When you have run the cell below, your unique training and testing samples will be stored in `training_data` and `testing_data`

In [30]:
#do not change the code in this cell
random.seed(candidateno)
training_data,testing_data=get_train_test_data()
print("The amount of training data is {}".format(len(training_data)))
print("The amount of testing data is {}".format(len(testing_data)))
print("The representation of a single data item is below")
print(training_data[0])

The amount of training data is 1400
The amount of testing data is 600
The representation of a single data item is below
(['if', 'there', "'", 's', 'one', 'thing', 'in', ...], 'pos')


1)  
a) **Generate** a list of 10 content words which are representative of the positive reviews in your training data.

b) **Generate** a list of 10 content words which are representative of the negative reviews in your training data.

c) **Explain** what you have done and why


For calculating the precision and recall rate, I will distrubute the data into four parts as below.
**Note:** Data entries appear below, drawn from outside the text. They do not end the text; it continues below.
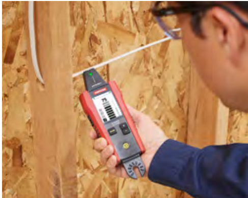
Most accurate wire tracing in its class with eight sensitivity modes
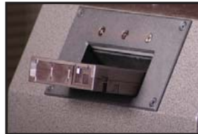
Tape Cartridges DLT, LTO, 8mm
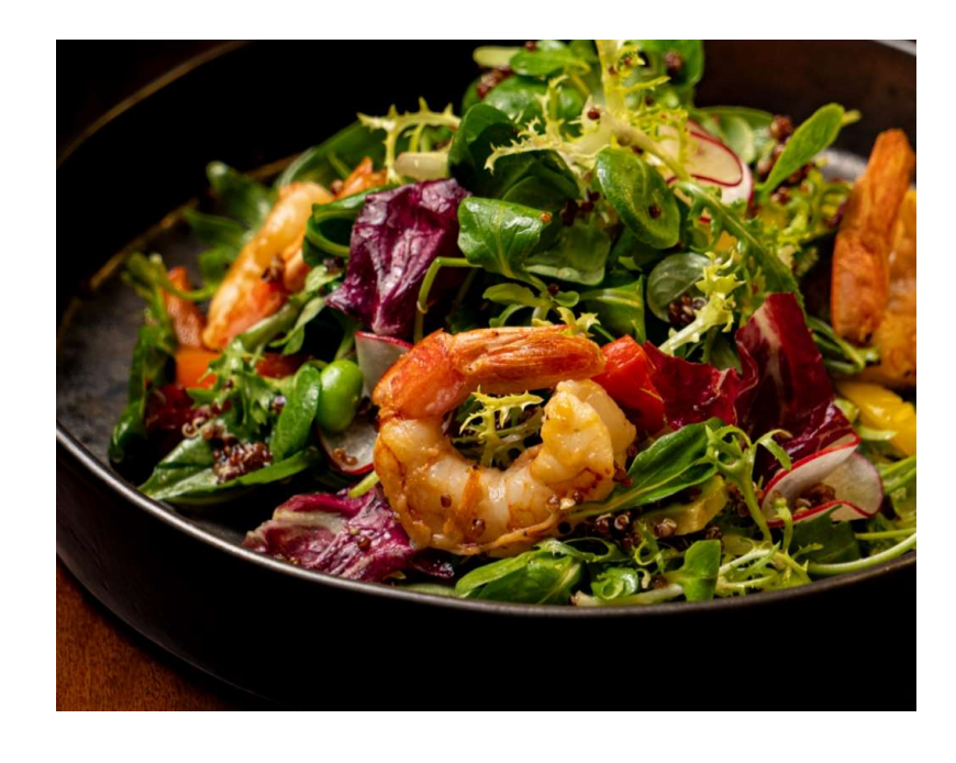
Terrace A'la Carte
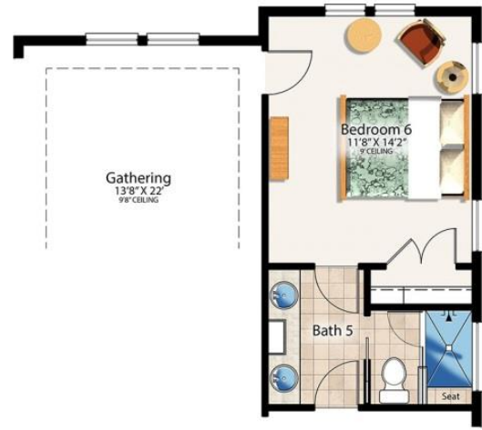
Optional Bedroom 6 & Bath 5
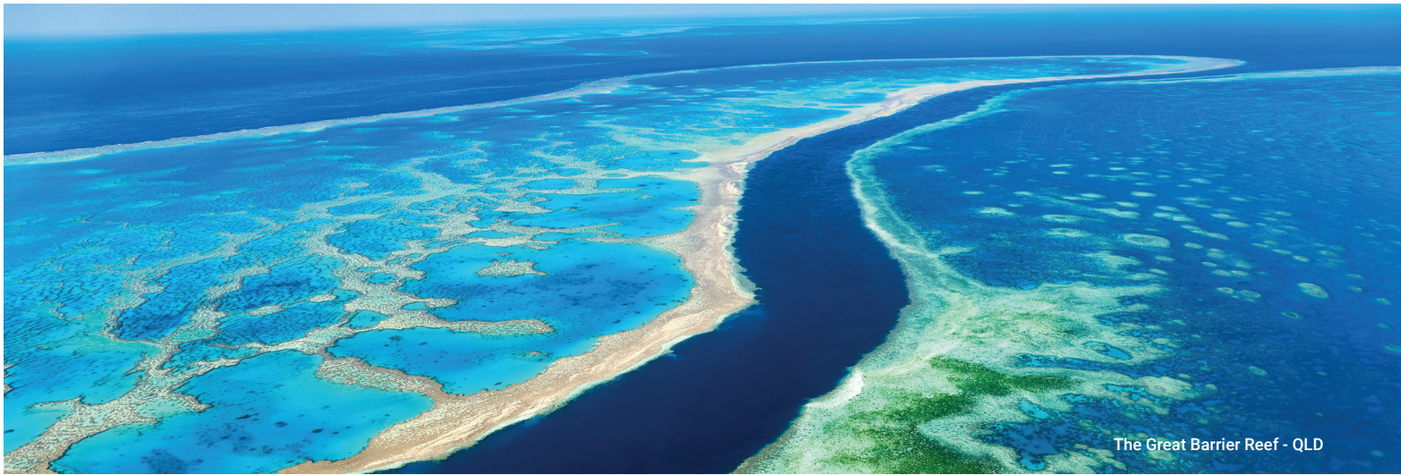
The Great Barrier Reef - QLD
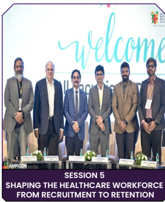
SESSION 5 SHAPING THE HEALTHCARE WORKFORCE FROM RECRUITMENT TO RETENTION
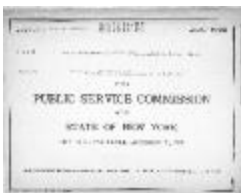
Public utilities annual report of The Astoria Light, Heat and Power Company, 1926 (NYSA_13345-81_B030_F02_Astoria_Light_Heat_Power_Company_1926)
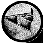
Air-Tight double walled construction
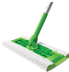
1 x Swiffer pole
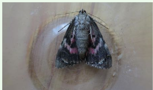
Dark Crimson Underwing - Shirland - Nikki Barrow
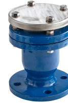
AIR RELEASE VALVE (FEMALE THREADED)
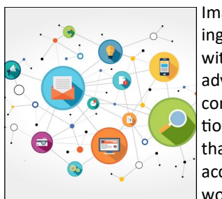
Imagine doing your job without the advanced communications tools that you have access to. It would make

things much less efficient. Most organizations use all types of different solutions to be able to support their workforce and customers, but in today's business, there are three solutions most organizations have come to depend on. Let's take a look at these three today.
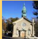
Maria Hilf Chapel
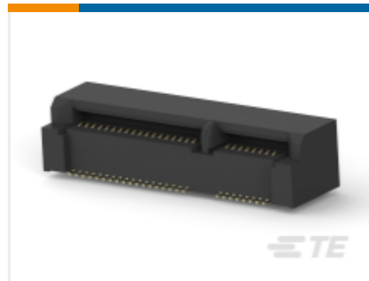
TE Part #1759547-1 mSATA/mini PCI-E 7H G/F
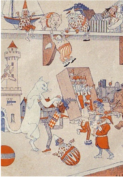
The Jumping Jack Danced With the China Cat.

"Oh, I beg your pardon! I am so sorry!" exclaimed the Jumping Jack. "I didn't mean to do that. The ball rolled, and I slipped."
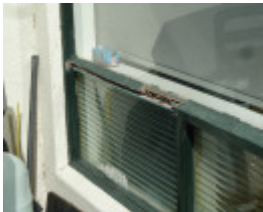
H0927 DRESSING PAVILION LHA 2015 4.JPG
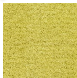
EL.540 Lime Green
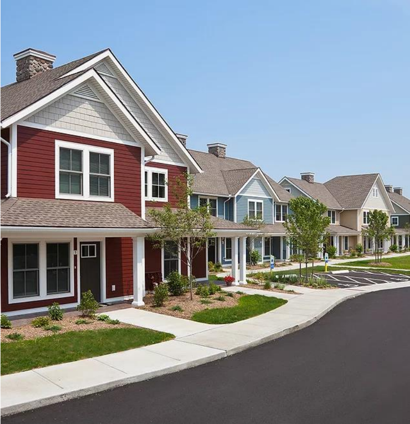
Ferry Crossing, Old Saybrook, CT
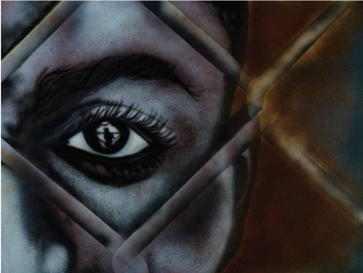
1947 - Hope Acrylic on canvas 48 x 36 inches

My truth is my hope, and that is enough for my soul
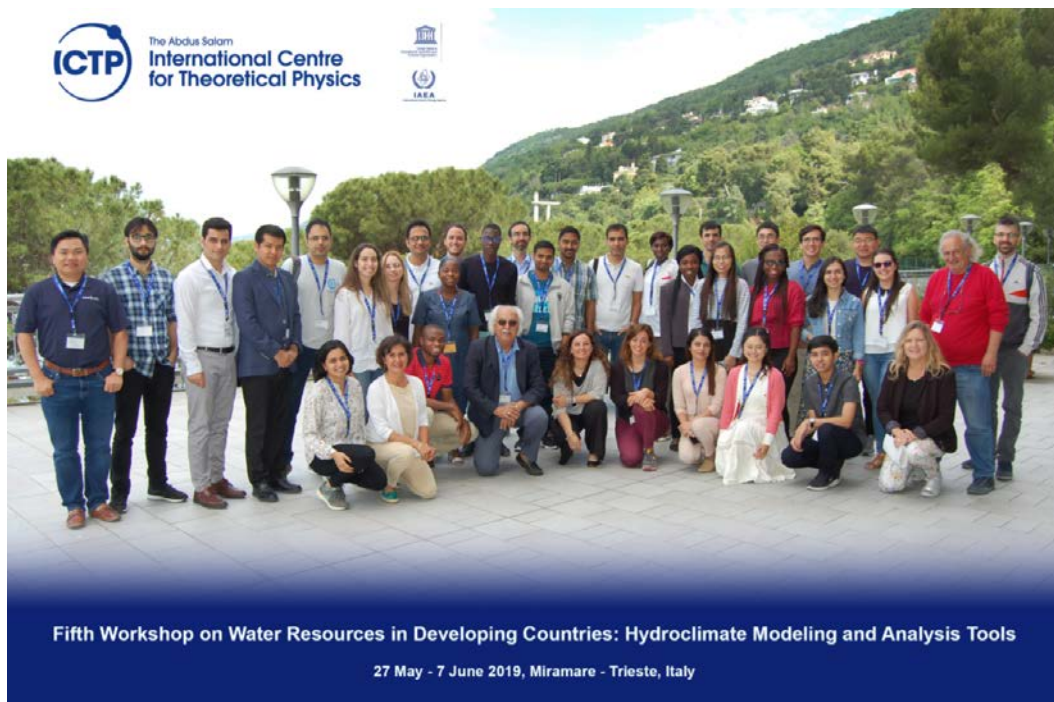
Participants of the Fifth Workshop on Water Resources in Developing Countries: Hydroclimate Modelling and Analysis Tools

I have build up the positive and negative data, so I remove the tag in the last for less mistakes in code later.

In [31]:
pos_training_data = [file[0] for file in training_data if file[1] == "pos"]
neg_training_data = [file[0] for file in training_data if file[1] == "neg"]
pos_testing_data = [file[0] for file in testing_data if file[1] == "pos"]
neg_testing_data = [file[0] for file in testing_data if file[1] == "neg"]

print(len(pos_training_data))
print(len(neg_training_data))
print(pos_training_data[0])

700
700
['if', 'there', "'", 's', 'one', 'thing', 'in', ...]


This cell is to remove the stop words, numbers and punctuation, because this classification is based on the bag of words. Then, it will print the first review to see the filtered words. Then, it will print the first review to see the filtered words.

In [32]:
def filter_stopwords(review):
    stop_words = stopwords.words("english")
    filter_data = []
    for i, file in enumerate(review):
        filter_data.append([])
        for w in file:
            if w not in stop_words and w.isalpha():
                filter_data[i].append(w)
    return filter_data

pos_training_data = filter_stopwords(pos_training_data)
neg_training_data = filter_stopwords(neg_training_data)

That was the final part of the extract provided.